Alors que des problèmes tels que les nausées, les envies et les douleurs de l’accouchement étaient saillants dans la mythologie, Bessett déclare que d’autres affections comme l’épuisement, l’insomnie, les gaz, les migraines et les chevilles enflées n’étaient pas associées ni discutées aussi fréquemment. “Que ce soit parce qu’ils sont assez rares (comme les saignements de nez associés à la grossesse) ou parce qu’ils concernent des parties du corps dont la discussion n’est pas ’appréciée’ (comme les hémorroïdes), ces symptômes ne sont pas typiquement décrits dans les récits médiatiques sur la grossesse, pas plus que les symptômes que des amis et la famille partagent souvent avec des femmes en grossesse avancée” écrit Besset.

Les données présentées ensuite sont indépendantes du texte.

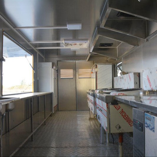 餐车采用东风四驱越野底盘DFV2163GP6DJ二类底盘改装而成。整车可以分为底盘、车厢、厨具、电气系统、供水供油、净水等六大子系统。车厢内部设置有一台多功能智能蒸箱(简称蒸箱);两套储物柜;一套吊柜;一套调理台;一套排油烟机、一套净水装置等。该车作业能力为1小时内完成150-200人份主、副热食加工;携带200套餐盘(不锈钢餐盘、不锈钢汤碗、不锈钢餐具等),适用于在野外等特殊条件下的饮食保障。
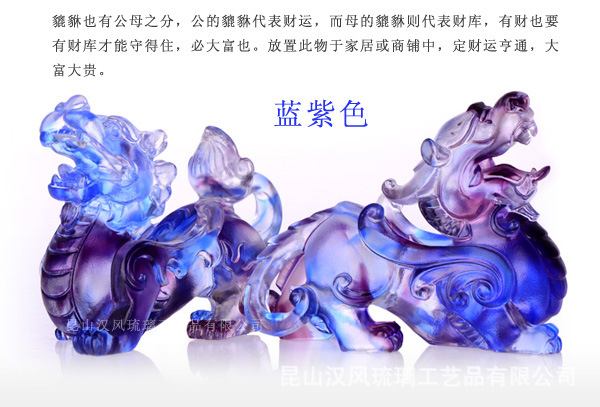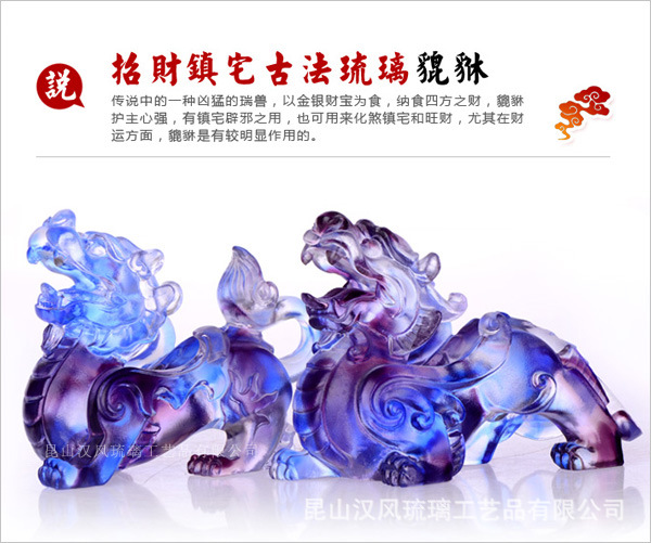 昆山汉风琉璃工艺品有限公司,是一家集设计研发,生产,销售为一体的古法琉璃工艺品专业厂家,本厂生产古法琉璃工艺品多年,具有精湛的手工制作工艺及丰富的脱蜡烧制经验,作品新颖独特,造型完美,做工精细,色彩鲜明,通透性极佳,在琉璃行业颇受好评。

Elle conclut que “nous pourrions sous-estimer dans quelle mesure chacun d’entre nous portons une ’connaissance’ de la grossesse fabriquée de manière croissante à travers une succession de rencontres éphémères durant notre vie, et dans quelle mesure ces ’connaissances’ nous touchent”
Références :
[1] Expecting Embodiment : Pregnancy Symptoms and the Cultural Mythologies of Pregnancy. Danielle Bessett.
[2] Les participantes de l’étude : 64 femmes enceintes habitant la grande métropole de New York de 2003 à 2006. Toutes les participantes étaient engagées dans des soins prénataux à l’époque des enquêtes. La moitié des participantes était enceinte pour la première fois. 23 des participantes fréquentaient un hôpital public, le reste avait recours à des soins privés. Les femmes étaient de toutes catégories socio-économiques et de différentes origines raciales/ethniques, pourtant leur attentes au regard de la grossesse étaient similaires.
La moitié des femmes interrogées étaient considérées comme blanches, 12 comme noires, 14 comme Hispaniques/blanches et deux comme Hispaniques/noires. Deux femmes ont été identifiées comme Asiatiques et une comme métis. L’échantillon était économiquement varié, avec un tiers des femmes qui a rapporté des revenus sous 30000 euros/an et pas tout à fait la moitié à 60000 euros ou plus.